§ Data
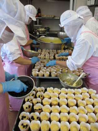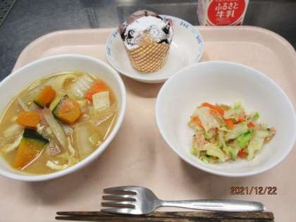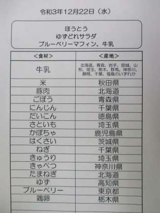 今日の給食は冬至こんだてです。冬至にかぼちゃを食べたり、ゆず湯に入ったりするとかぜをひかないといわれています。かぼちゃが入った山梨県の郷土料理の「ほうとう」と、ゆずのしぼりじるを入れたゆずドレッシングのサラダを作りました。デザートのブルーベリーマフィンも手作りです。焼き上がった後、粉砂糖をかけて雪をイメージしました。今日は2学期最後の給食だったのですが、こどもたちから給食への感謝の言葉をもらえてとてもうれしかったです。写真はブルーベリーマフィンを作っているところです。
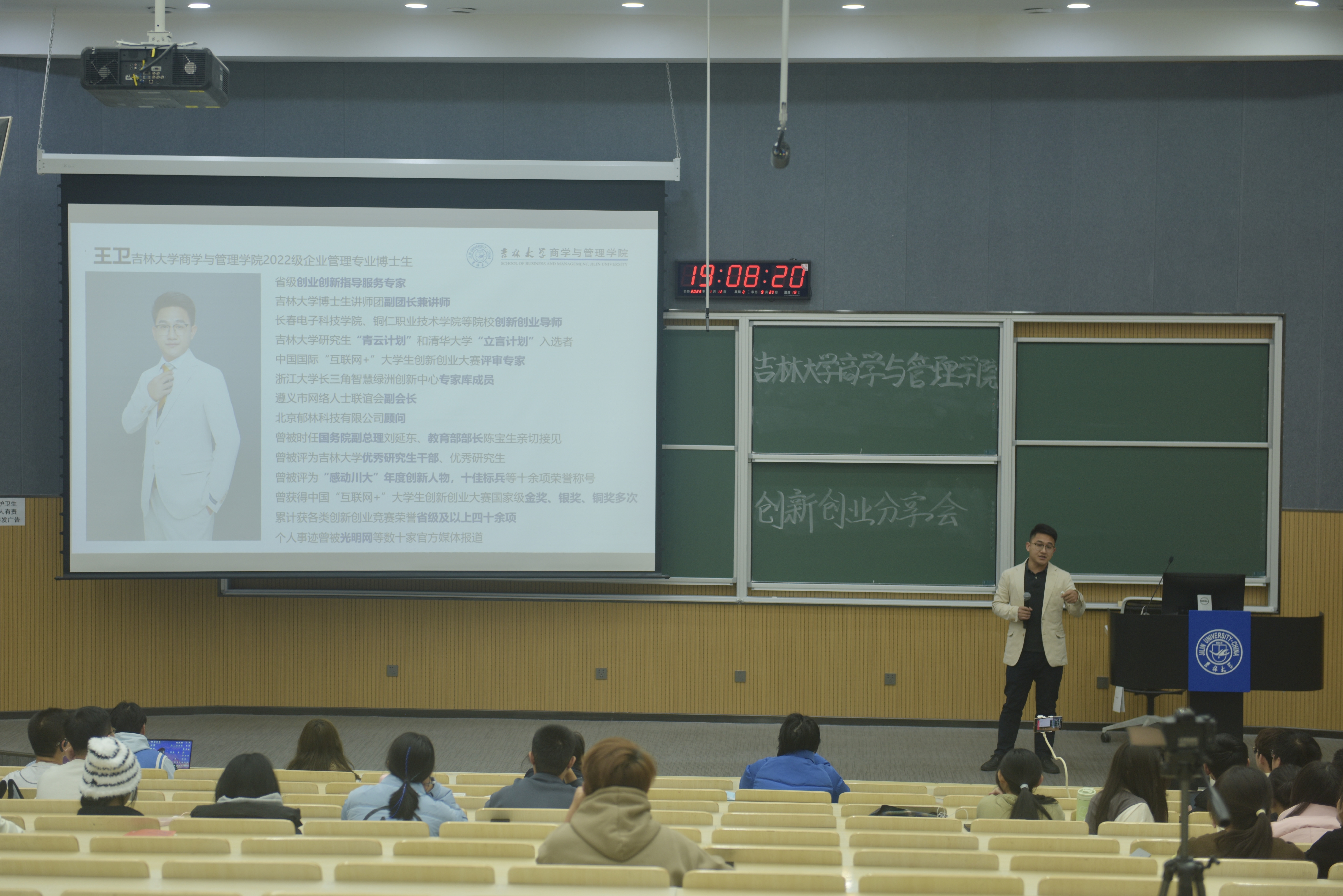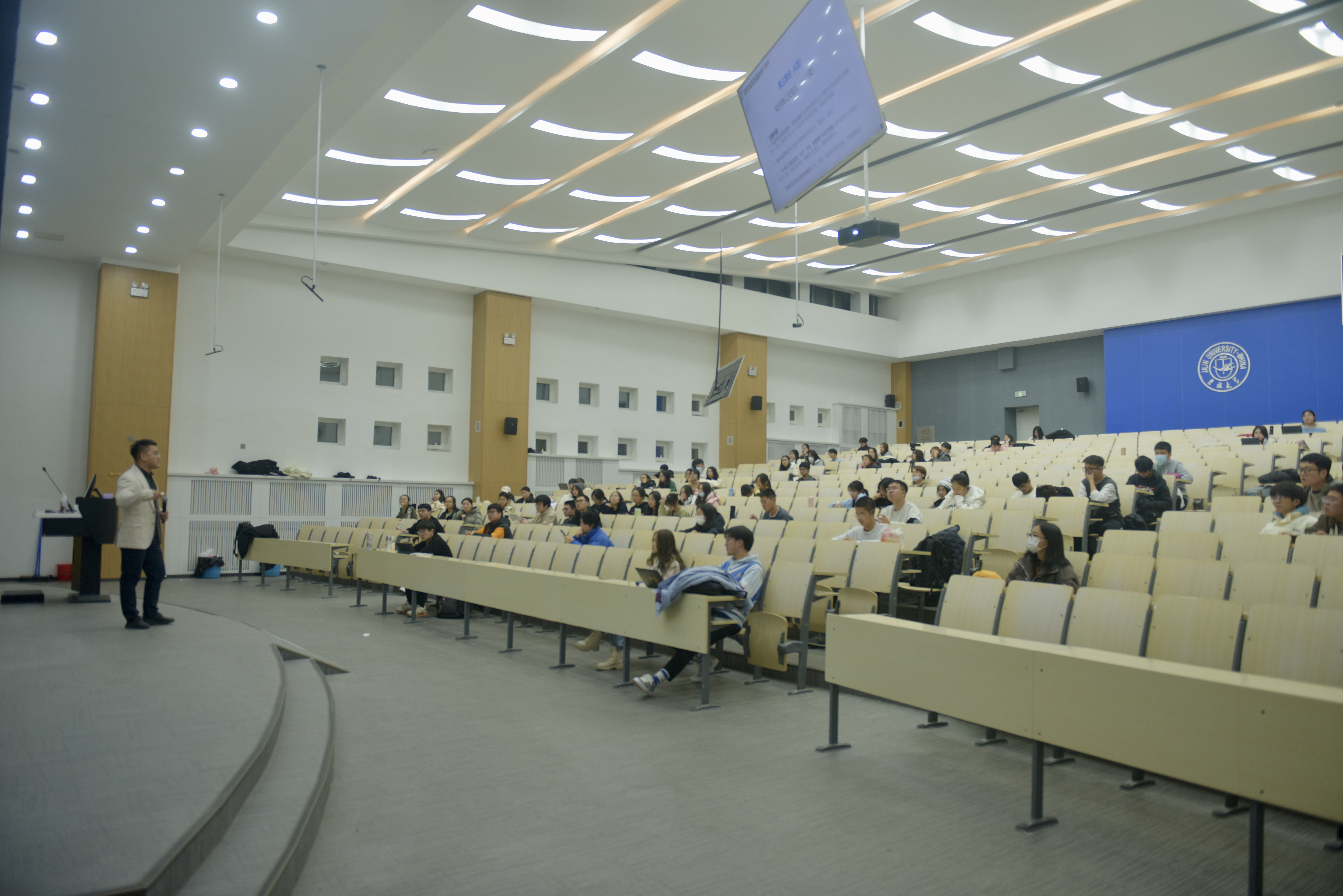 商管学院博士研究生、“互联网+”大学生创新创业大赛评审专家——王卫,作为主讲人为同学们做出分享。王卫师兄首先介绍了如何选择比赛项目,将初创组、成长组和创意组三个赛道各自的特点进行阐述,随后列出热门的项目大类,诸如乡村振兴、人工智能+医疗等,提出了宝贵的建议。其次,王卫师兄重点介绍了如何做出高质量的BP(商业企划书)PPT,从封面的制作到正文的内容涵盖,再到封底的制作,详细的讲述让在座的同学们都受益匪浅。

--

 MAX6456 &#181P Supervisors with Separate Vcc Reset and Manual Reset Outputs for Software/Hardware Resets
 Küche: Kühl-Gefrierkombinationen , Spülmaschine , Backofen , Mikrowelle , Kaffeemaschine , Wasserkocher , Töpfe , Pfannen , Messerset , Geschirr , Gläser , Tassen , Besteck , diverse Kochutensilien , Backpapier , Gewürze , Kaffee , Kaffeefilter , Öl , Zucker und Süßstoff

§ The problem
Copy out each line of the data above, exactly, if it lies between the line holding "MAX6456 &#181P Supervisors" and the line holding "Küche: Kühl-Gefrierkombinationen , Spülmaschine", inclusive; copy no other line.

§ Result
 MAX6456 &#181P Supervisors with Separate Vcc Reset and Manual Reset Outputs for Software/Hardware Resets
 Küche: Kühl-Gefrierkombinationen , Spülmaschine , Backofen , Mikrowelle , Kaffeemaschine , Wasserkocher , Töpfe , Pfannen , Messerset , Geschirr , Gläser , Tassen , Besteck , diverse Kochutensilien , Backpapier , Gewürze , Kaffee , Kaffeefilter , Öl , Zucker und Süßstoff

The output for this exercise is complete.